[Saved data entries]
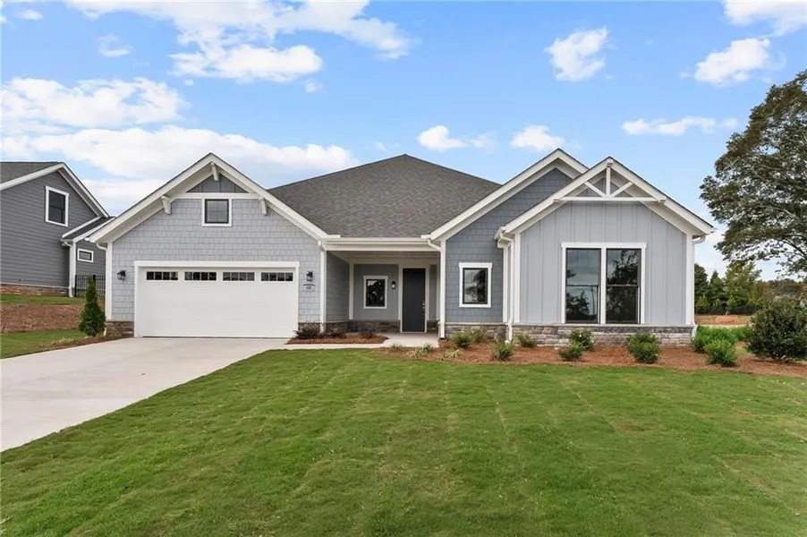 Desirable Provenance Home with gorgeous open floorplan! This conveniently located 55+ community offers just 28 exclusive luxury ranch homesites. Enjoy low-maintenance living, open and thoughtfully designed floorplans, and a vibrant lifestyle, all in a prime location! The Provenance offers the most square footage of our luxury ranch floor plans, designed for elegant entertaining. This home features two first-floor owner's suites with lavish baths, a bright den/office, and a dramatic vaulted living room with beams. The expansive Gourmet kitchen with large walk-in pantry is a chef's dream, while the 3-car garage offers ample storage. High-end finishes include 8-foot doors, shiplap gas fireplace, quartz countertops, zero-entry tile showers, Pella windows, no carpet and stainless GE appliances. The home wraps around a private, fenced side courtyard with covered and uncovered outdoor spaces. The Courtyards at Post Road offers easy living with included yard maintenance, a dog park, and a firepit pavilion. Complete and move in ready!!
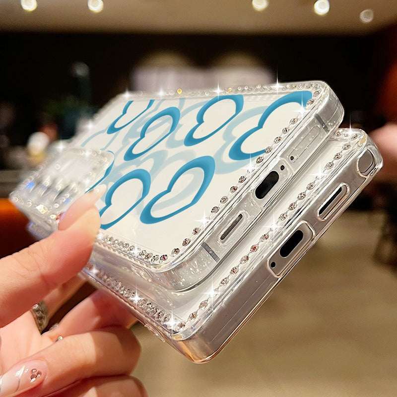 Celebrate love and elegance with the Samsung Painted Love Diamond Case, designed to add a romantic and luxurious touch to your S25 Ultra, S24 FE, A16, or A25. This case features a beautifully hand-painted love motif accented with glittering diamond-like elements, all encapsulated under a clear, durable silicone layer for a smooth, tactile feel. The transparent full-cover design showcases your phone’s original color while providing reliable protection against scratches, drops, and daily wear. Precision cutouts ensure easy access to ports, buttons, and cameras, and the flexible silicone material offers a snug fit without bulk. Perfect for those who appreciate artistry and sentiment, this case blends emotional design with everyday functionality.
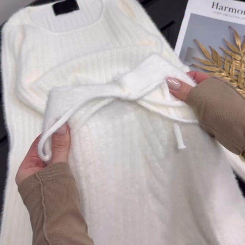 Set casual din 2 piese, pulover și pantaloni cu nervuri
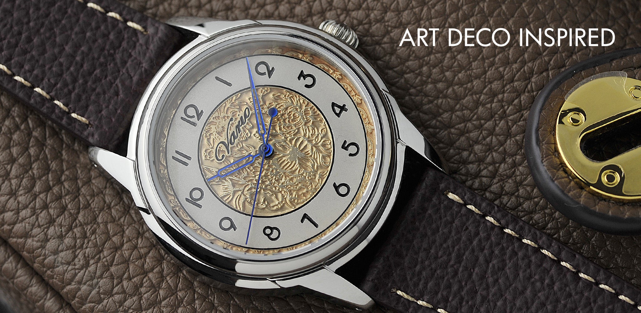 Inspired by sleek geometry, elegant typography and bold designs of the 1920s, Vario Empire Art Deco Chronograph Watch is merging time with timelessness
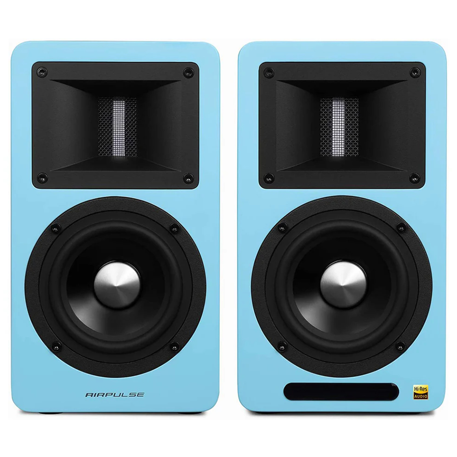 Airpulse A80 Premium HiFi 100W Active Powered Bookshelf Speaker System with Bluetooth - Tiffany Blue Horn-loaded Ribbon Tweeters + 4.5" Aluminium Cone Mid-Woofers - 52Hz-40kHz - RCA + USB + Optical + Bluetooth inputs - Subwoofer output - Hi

## Aim of the task
Reproduce exactly the lines that run from the line holding "Set casual din" through the final line of the entries, and omit every picture.

## Result for this exercise
 Set casual din 2 piese, pulover și pantaloni cu nervuri
 Inspired by sleek geometry, elegant typography and bold designs of the 1920s, Vario Empire Art Deco Chronograph Watch is merging time with timelessness
 Airpulse A80 Premium HiFi 100W Active Powered Bookshelf Speaker System with Bluetooth - Tiffany Blue Horn-loaded Ribbon Tweeters + 4.5" Aluminium Cone Mid-Woofers - 52Hz-40kHz - RCA + USB + Optical + Bluetooth inputs - Subwoofer output - Hi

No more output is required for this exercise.